Multiscale Memory Comparator Transformer for Few-Shot Video Segmentation

Mennatullah Siam; Rezaul Karim; He Zhao; Richard Wildes

数ショットのビデオセグメンテーション用のマルチスケールメモリコンパレータトランスフォーマ

少数ショットビデオセグメンテーションは、少数のラベル付きサポート画像を使用して、クエリビデオ内の特定の新規クラスを描写するタスクです。一般的なアプローチでは、単一のフィーチャレイヤーへの比較を制限しながらサポートフィーチャとクエリフィーチャを比較するため、潜在的に貴重な情報が無視されます。トランスデコーダ内でスケール間で情報を結合する、少数ショットビデオセグメンテーション用のメタ学習されたマルチスケールメモリコンパレータ (MMC) を紹介します。セグメンテーションタスク用の一般的なマルチスケールトランスフォーマーデコーダーは、スケール間の情報交換を通じて圧縮表現とそのクエリを学習します。以前の研究とは異なり、代わりに、マルチスケールメモリトランスフォーマデコードを介してスケール間情報交換中に詳細な特徴マップを保存し、背景クラスと新規クラスの間の混乱を軽減します。

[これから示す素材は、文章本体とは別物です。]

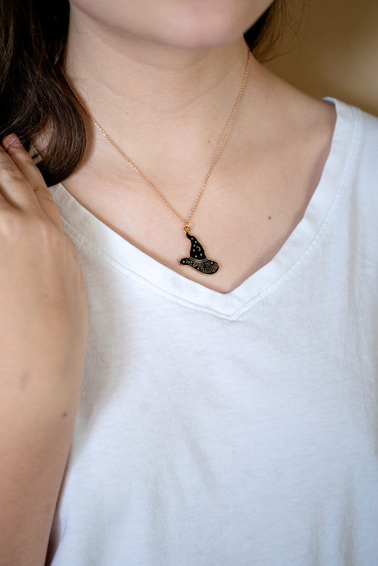 Wizard in Training Black Witch Hat Charm Necklace Children's Jewelry

このアプローチに不可欠な要素として、さまざまなタスクの規模を超えた複数の形式の情報交換を調査し、各タスクで使用するための経験的証拠を伴う洞察を提供します。クエリ機能とサポート機能の全体的な比較では、豊富なセマンティクスと正確なローカライゼーションの両方からメリットが得られます。私たちは、主に数ショットのビデオオブジェクトセグメンテーションと、完全に監視された対応物での適応バージョンに関するアプローチを実証します。すべてのケースにおいて、私たちのアプローチはベースラインを上回り、最先端のパフォーマンスをもたらします。私たちのコードは https://github.com/MSiam/MMC-MultiscaleMemory で公開されています。

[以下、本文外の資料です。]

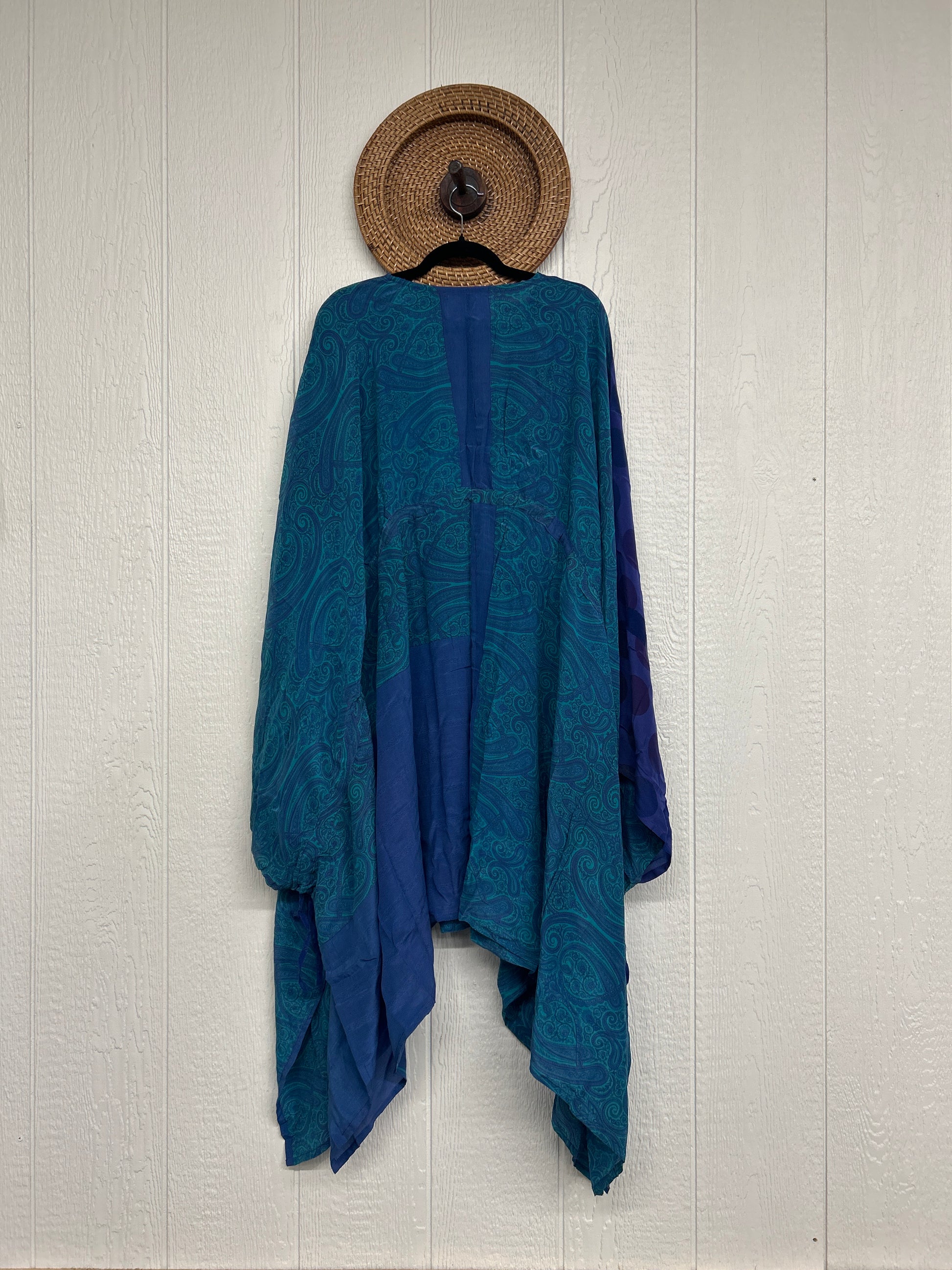 Fabrics may have small threads or holes in the layers. Color inconsistency or small stains may be present. The saris are sewn together and extend the life of each design.

Few-shot video segmentation is the task of delineating a specific novel class in a query video using few labelled support images. Typical approaches compare support and query features while limiting comparisons to a single feature layer and thereby ignore potentially valuable information. We present a meta-learned Multiscale Memory Comparator (MMC) for few-shot video segmentation that combines information across scales within a transformer decoder. Typical multiscale transformer decoders for segmentation tasks learn a compressed representation, their queries, through information exchange across scales. Unlike previous work, we instead preserve the detailed feature maps during across scale information exchange via a multiscale memory transformer decoding to reduce confusion between the background and novel class. Integral to the approach, we investigate multiple forms of information exchange across scales in different tasks and provide insights with empirical evidence on which to use in each task. The overall comparisons among query and support features benefit from both rich semantics and precise localization. We demonstrate our approach primarily on few-shot video object segmentation and an adapted version on the fully supervised counterpart. In all cases, our approach outperforms the baseline and yields state-of-the-art performance. Our code is publicly available at https://github.com/MSiam/MMC-MultiscaleMemory.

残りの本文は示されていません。